= Dionysius II, Metropolitan of Belgrade =

Serbian Orthodox Metropolitan priest

Dionysius II (Dionisije II) was the Eastern Orthodox Metropolitan of Belgrade from 1813 to 1815.

==Biography==
Metropolitan Dionisije Nišlija (birth name: Dimitrije Popović) was Reşid Mehmed Pasha's
dragoman (interpreter). Reşid Mehmed Pasha was the commander of Niš for years during the time of Karađorđe's Serbia.
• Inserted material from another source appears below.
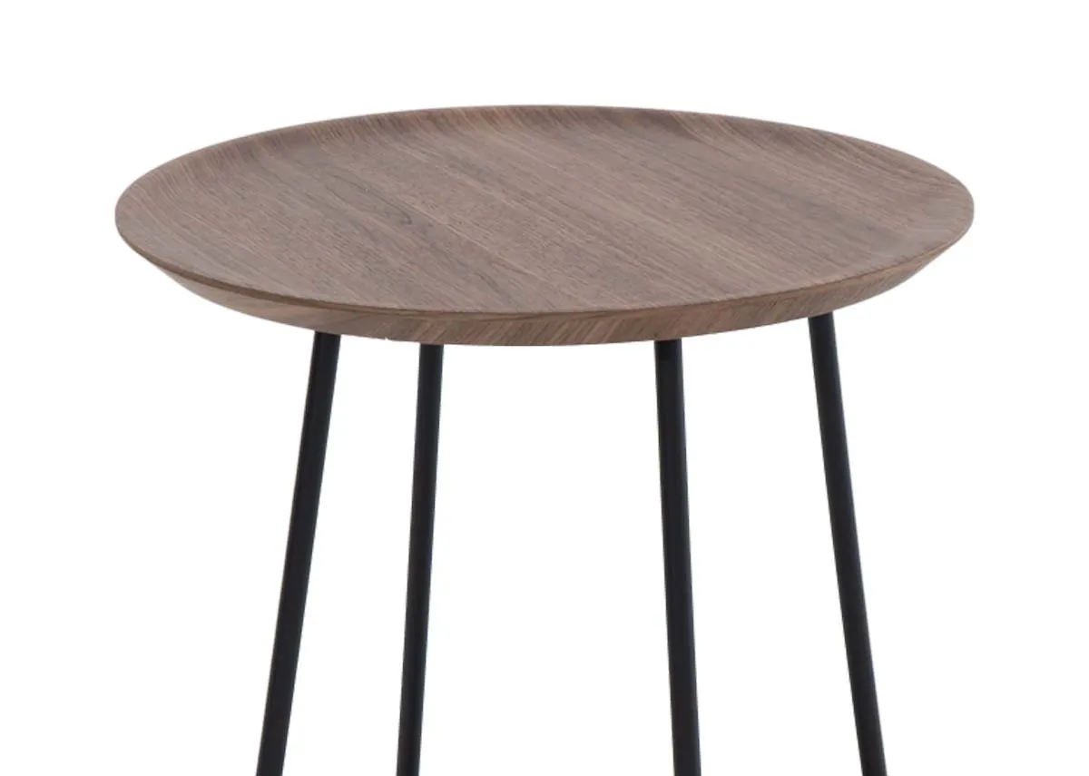 A round side table with a wooden tray style top ideal for smaller spaces and for holding your book and refreshements.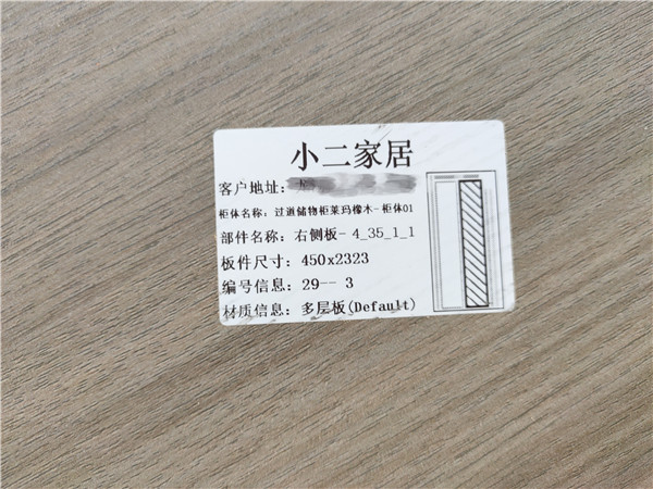 我家不管大小板都是四面封邊哦!每塊板上都貼有小標(biāo)簽,方便后期安裝師傅安裝。

Dionisije was an Orthodox priest in Niš. Reşid Mehmed Pasha brought him to Belgrade, and as a Serb, he was counting on Dionisje to be calming influence among the rayah. Dionisije succeeded the fugitive Metropolitan Leontius (Lambrović) at the chair of the Metropolitanate of Belgrade. He was the Metropolitan of Belgrade and Srem. He carried out his mission responsibly in the name of the Serbian people by founding schools throughout Serbia

A berat (charter/license) appointment from Mahmud II (1808-1839) was received on 7 November 1813. The berat stated: that the Greek patriarch and his synod elected Metropolitan Dionysius, and they begged the sultan to confirm the same person and to issue him a berat, and he would lay the usual pawn for the metropolitan dignity for the royal treasury. The Sultan then ordered that the episcopal protocols kept in the imperial treasury (the treasury) be reviewed, and then he confirmed the elected Dionysius as the Metropolitan of Belgrade, ordering him to pay the usual sum of 21,000 aspri for the berat. Dionysius, as the regional metropolitan, is given the power to appoint and overthrow bishops and priests, the right to unhindered administration of churches and monasteries, disciplinary authority over bishops, monks and priests, as well as the right to inherit bequeathed property from the Orthodox. The Metropolitan, further, has the right to buy peace from bishops, monks and priests and other faithful, to which he has the first according to the existing canons and berets.

Dionsije died in Belgrade at the end of October 1815.